Instantaneous gravity

Funny that nobdy really seems to pay attention to the observation that gravity is more or less instantaneous. The earth knows where the sun is going to be 8 minutes into the future? And Pluto knows where the sun is going to be how many hours into the future? Almost like gravity seems to exist outside of time.

I wonder if gravity and time aren't the same thing?
 
Makes me think, what if you had a string that was 1,000 light years long, with a ball on the end... when you tug on the string, does the ball instantly move? (or maybe not a string, maybe a pole).

Thinking about poles, what if you got a pole that was thousands of light years long, and swung it around. Would the pole bend, as the end of the pole could exceed the speed of light? And if it bent, would it actually be bending, or would it just appear to be, and if it is not bending, where does the pole exist?
 
Russ said:
Makes me think, what if you had a string that was 1,000 light years long, with a ball on the end... when you tug on the string, does the ball instantly move? (or maybe not a string, maybe a pole).
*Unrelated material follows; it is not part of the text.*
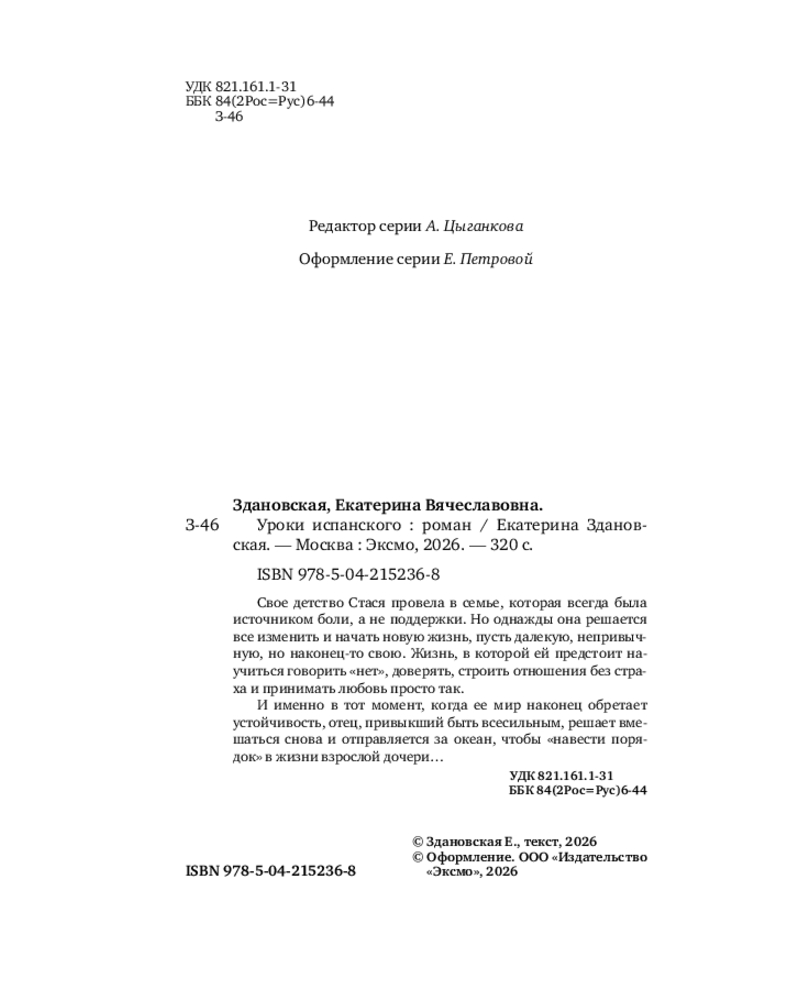 💳 Оплатить за товар можно при получении 🇰🇿 Есть бесплатная доставка по Казахстану от 1 дня 🎁 Копите бонусы с каждой покупки Серия: Почти счастливые люди Проза освобождения от родительского абьюза, терапевтичное чтение для миллениалов и просто история обычной девушки, которая не побоялась быть собой и сказать «нет» самым близким — всё это «Уроки испанского» Екатерины Здановской. |

Thinking about poles, what if you got a pole that was thousands of light years long, and swung it around. Would the pole bend, as the end of the pole could exceed the speed of light? And if it bent, would it actually be bending, or would it just appear to be, and if it is not bending, where does the pole exist?
Tugging on a string uses EM forces, and Maxwell's equations govern those. Same thing with a pole. As I understand it, EM forces are restricted to light cones. Another one of this class, is spinning a flat disc at some speed w, where the tangent velocity at the edge is c.

The interesting thing about gravity, is it doesn't seem to respect the light cones (which contradicts GR). I remember a professor of mine (one of the better ones) saying something like there's three dimensions of space and then there's time, there's the three quarks and then there's the electron, and there's the three (unified) forces and then there's gravity.